State governments seeking to balance budgets found easy targets in their state parks and campground systems. Nowhere were the cuts more evident than in California’s state park system, America’s largest. California’s once mighty state park system continued its downward spiral in 2011 amid budget cuts that left many only partially open and in decrepit condition amid plans to indefinitely close a quarter of its 278 parks. By summer, 60 state parks were partially closed, while 90 more had experienced severe reductions in services. The 70 closures slated for 2012 would be the first in the 84-year history of the system.
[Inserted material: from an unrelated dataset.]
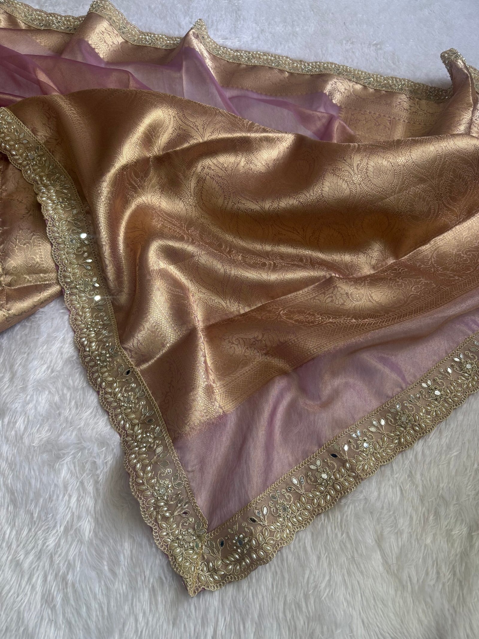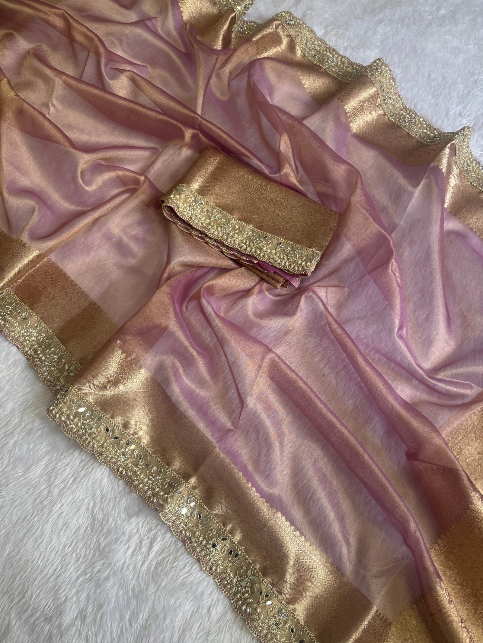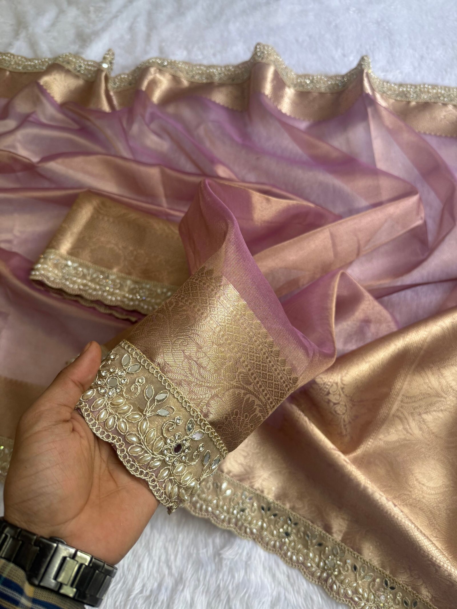 Banarasi soft zari weaving tissue saree with stone lace Beautiful color shade Transparent saree Full body plain with border attached lace Pallu with brocade blouse PCs

The legislature decided in May to cut an additional $22 million from the state Department of Parks and Recreation to help close a state budget deficit of $9.6 billion. Overall, funding for California state parks has dropped 43% since Fiscal Year 2006, to $99 million planned for the Fiscal Year that began July 1 from $175 million six years earlier.


Looking for ways to increase state revenues, Florida Gov. Rick Scott proposed in the spring to privatize some of the more than 50 state parks that do not offer overnight camping. The proposal set off a public outcry by those who saw the plan as a threat to the pristine nature of their favorite parks and the private sector, which saw the proposal as a way to undercut the private sector. Hundreds voiced their opposition in hearings held across the state. The plan was shelved by late summer.


When Minnesota’s legislature could not reach a new budget by July 1, it shut down the government, including the state’s 57 state parks. For 21 days, would-be campers had to look elsewhere for a place to camp. Nearby Wisconsin’s private parks announced they were “open for business” and cashed in on the shutdown. When camping returned to normal in Minnesota, parks scrambled to make up for the lost business.


Cavco Industries Inc. expanded its footprint in the manufactured housing and park model business in 2011 when it acquired Palm Harbor Homes Inc. Fleetwood Homes Inc., a subsidiary owned 50% by Cavco and 50% by Third Avenue Value Fund (TAVFX), completed the acquisition of substantially all of the assets and assumption of certain liabilities of Palm Harbor Homes on April 23 for $83.9 million.


Morgan RV Resorts attempted to introduce upscale park models to its resort in York, Maine, in 2011, much to the chagrin of the local zoning board, which deemed park models are manufactured housing, not RVs, and ordered them out. The Saratoga Springs, N.Y.-based chain appealed the decision to a state court as the year ended. Morgan argued that nowhere else in the U.S. are park models considered manufactured housing.